The logarithm power rule is an essential tool when working with logarithms that have exponents. This rule helps us manage these exponents efficiently. The rule states that if you have a logarithmic function with an exponent, such as \( \log(a^b) \), you can simplify it by multiplying the exponent outside of the logarithm. This transforms the function into \( b \cdot \log(a) \).

Using this rule simplifies calculations and expressions by moving the mathematical operations from inside the logarithm to a position where they can be more easily handled or further simplified. In our exercise

• Seeing \( \log(e^{-3}) \) becomes manageable as we rewrite it to \(-3 \cdot \log(e) \).

Through this rule, complex expressions become more accessible, allowing for easier integration into subsequent steps of problem-solving.

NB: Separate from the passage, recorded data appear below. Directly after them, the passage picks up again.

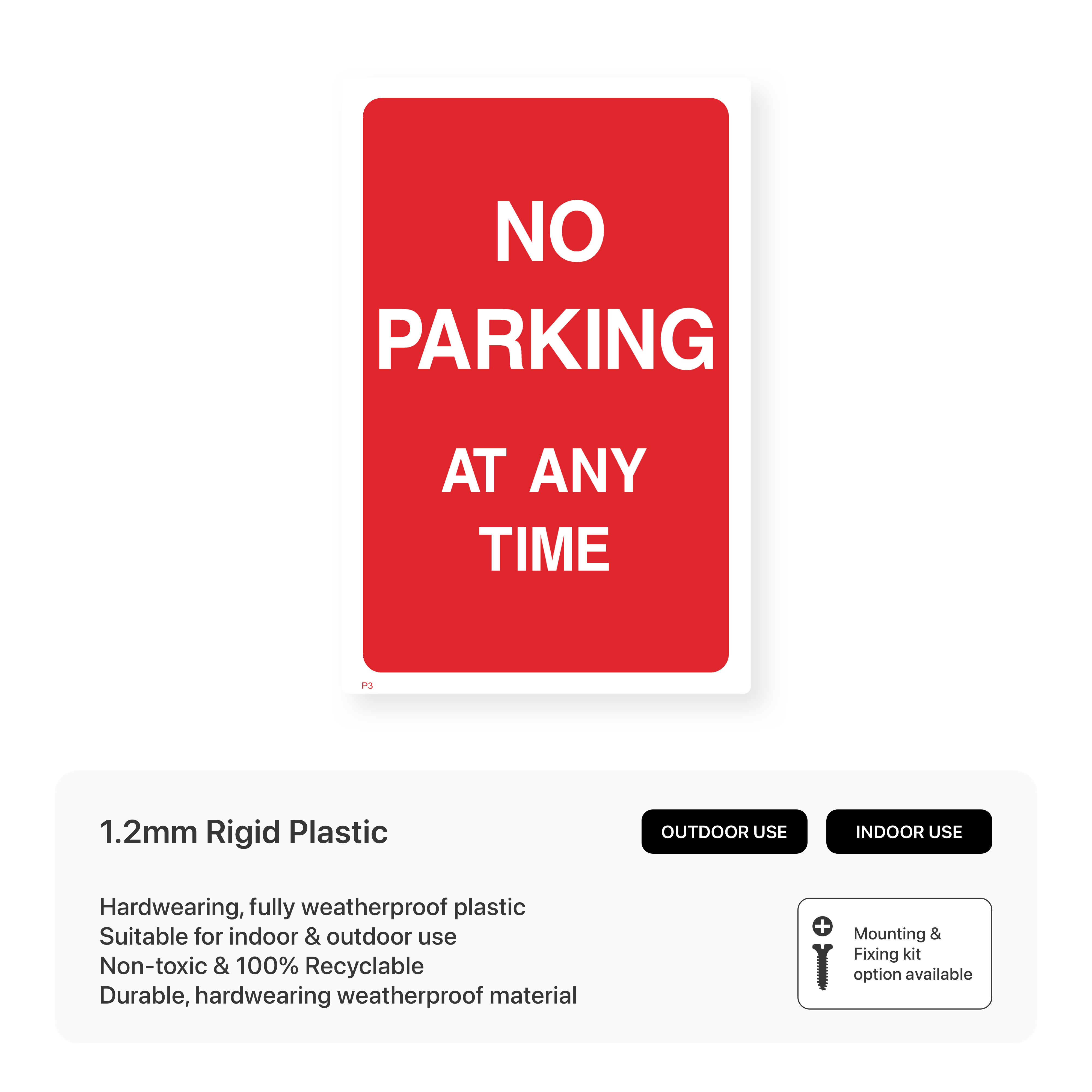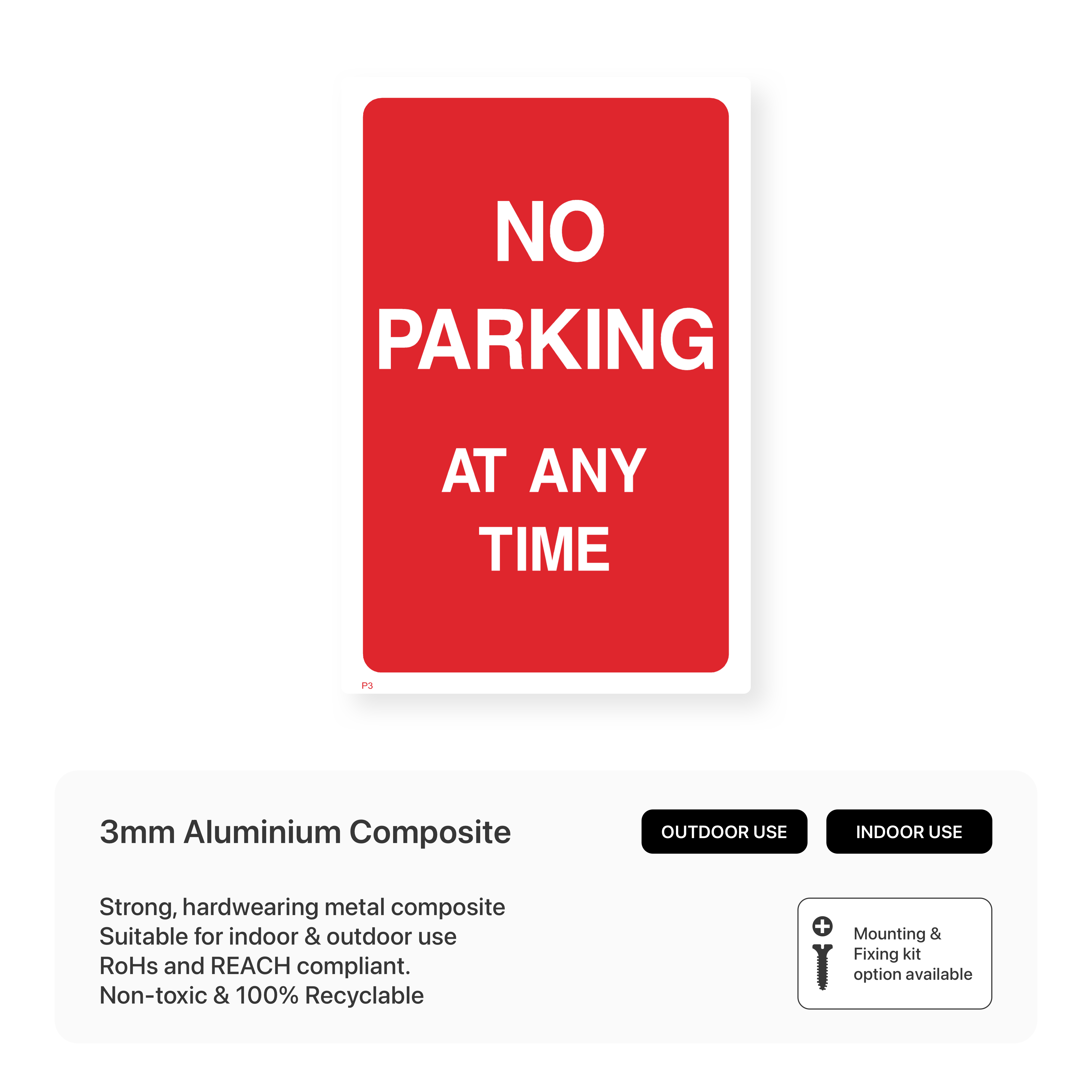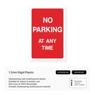 Effectively enforce parking restrictions with our "No Parking At Any Time" sign. Clearly communicate that parking is strictly prohibited in designated areas to maintain order and prevent obstructions. Choose from various sizes and materials to suit your specific needs and ensure compliance.
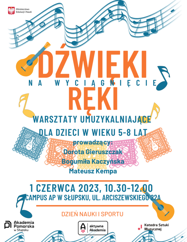 1 czerwca 2023 roku zapraszamy dzieci w wieku 5-8 lat na wyjątkowe warsztaty umuzykalniające, "Dźwięki na wyciągnięcie ręki". To unikalna okazja, by Twoje dziecko mogło odkryć magię muzyki pod okiem doświadczonych prowadzących - Doroty Gieruszczak, Bogumiły Kaczyńskiej i Mateusza Kempy, wykładowców Katedry Sztuki Muzycznej.
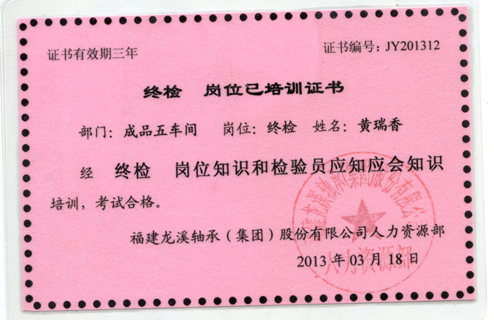 終檢崗位培訓證書

Simplifying a logarithmic expression involves using known properties and values of logarithmic operations to reduce the expression to its simplest form. To do this effectively, start by identifying if there are exponents as we've done with the logarithm power rule.

Once you've applied relevant properties, look out for known log values. For example, the logarithm of the base with itself, such as \( \log(e) \), evaluates to 1.

• This makes simplifying expressions like \(-3 \cdot \log(e)\) straightforward, as it becomes \(-3 \cdot 1\).

This process not only makes it easier to understand the expression but also ensures that it is in its most reduced form. Simplification is crucial because it often reveals the underlying simplicity and structure of otherwise complex-looking mathematical expressions.

The logarithm of base \( e \), also known as the natural logarithm, is ubiquitous in mathematics and science. Denoted as \( \log(e) \) or more commonly as \( \ln(e) \), this specific logarithm evaluates to 1. This is because the logarithm of a number to its own base is always 1. For example:

• \( \ln(e) = 1 \)

This property is vital in numerous mathematical contexts, especially when simplifying expressions.

In our example problem, knowing this property directly simplified \(-3 \cdot \log(e)\) to \(-3 \cdot 1 = -3\). The knowledge that \( \log(e) = 1 \) aids in swift simplification and supports understanding of more complex logarithmic functions and equations. It serves as a foundational piece of knowledge vital for anyone dealing with exponential and logarithmic functions.